Breech births are most dangerous when the baby is being delivered vaginally. This is because the baby’s head and shoulders are usually wider than lower portion of its body, and the cervix might not stretch enough for the upper portion of the body to safely pass through, in which case the baby might become stuck halfway through the birth.

Another hazardous circumstance that can occur during the vaginal birth of a breech baby is called umbilical cord prolapse. According to Cleveland Clinic, “In a prolapse, the umbilical cord drops (prolapses) through the open cervix into the vagina ahead of the baby. The cord can then become trapped against the baby's body during delivery.”

Simulation uses dummies to demonstrate umbilical cord prolapse.
This simulation shows the fatal risk accompanying umbilical cord prolapse. Image from The Brookside Association.

Umbilical cord prolapses threaten the baby’s survival because if the umbilical cord becomes pinched or put under pressure in any way, oxygen might not be able to make it through the tube to the baby, resulting in birth defects or death.

If it is discovered ahead of time that the baby is presenting breech, most doctors will recommend a cesarean section. Though not without its risks, this type of delivery is preferable to a vaginal one in the case of a breech baby.

Dual Benefits of a 36-Week Ultrasound

Identifying that a baby is breech-presenting before it is born is beneficial for both the mother and the baby.
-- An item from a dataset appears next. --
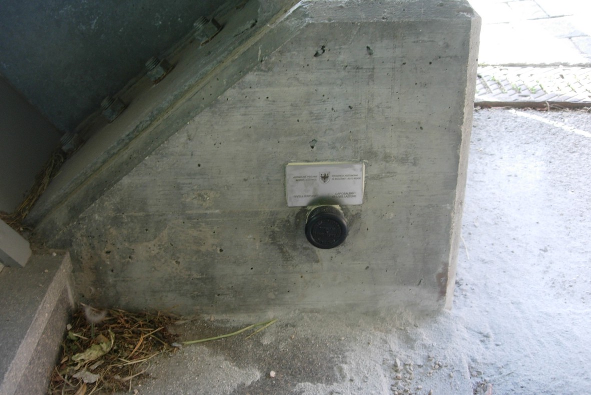 (CSO) - Bullone infisso nel basamento in cemento del soprappasso della pista da sci.

In the UK study, researchers offered the participants with breech presenting babies the option to undergo a procedure called external cephalic version, during which a doctor manually attempts to turn the baby into the head-first birthing position.
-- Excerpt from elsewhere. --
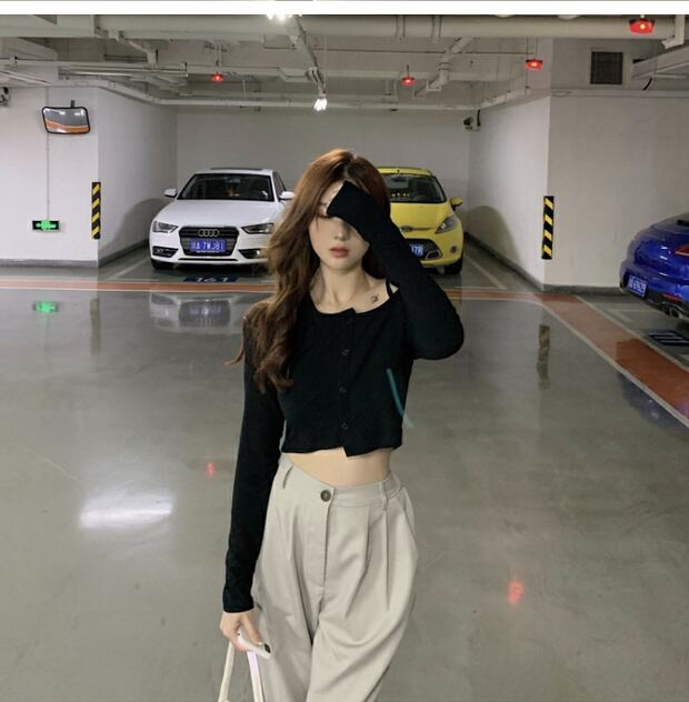 不規則な黒のTシャツ女性の初秋はセクシーなストラップレス長袖ボトミングシャツ2020新しいショートトップに注意してください ブラックストロベリース98003291265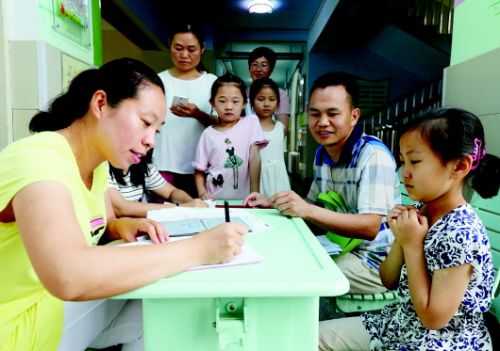 在创新便利的报名政策面前,很多报名点门口依然排起了长队,可见今年外来娃入学人数之多。

Medical professionals perform external cephalic version on a patient.
The woman might feel some discomfort as the doctor presses on her abdomen. Image courtesy of  Kinetic Fix.
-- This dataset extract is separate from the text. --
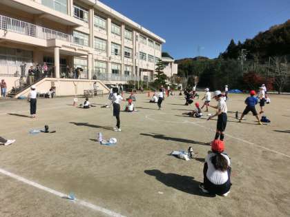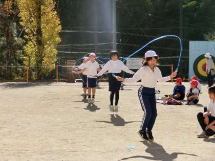 いよいよ、なわとび大会です。各学年に分かれた様々な跳び方に挑戦です。

External cephalic version, which has a success rate of about 58 percent, can only be done after the 36-week mark in the gestation period when the fetus has assumed its delivery presentation.

This procedure could rectify the birthing complications caused by a breech baby, saving the mother from undergoing a cesarean section and allowing the baby to pass through the birth canal head-first.

The women participating in the trial who did not want to try external cephalic version, along with those women for whom the procedure did not work, were arranged to have cesarean sections. Though traditional vaginal birth was also an alternative, none of the women chose to proceed that way.

Universal Late-Term Ultrasounds

Following the positive results of their study, researchers analyzed the cost effectiveness of universal late-term ultrasounds.

They did not reach a conclusive decision, stating, “Whether the health improvements are enough to justify the increased cost of ultrasound screening is still uncertain, mainly because the cost of ultrasound screening for presentation alone is unknown.”

The team went on to that ultrasound screening for presentation would be worthwhile, if ultrasound screening could be “sufficiently inexpensively, for example, by being used during standard midwife appointments . . .”

Summary

The results of the study are indicative of the potential difference to be made by late-term ultrasounds.

Sadly, however, this safety measure will only be available to women who have the resources to finance it.

Hopefully, in time, more adequate prenatal health care will be available to all women so that their—and their baby’s—needs will be covered.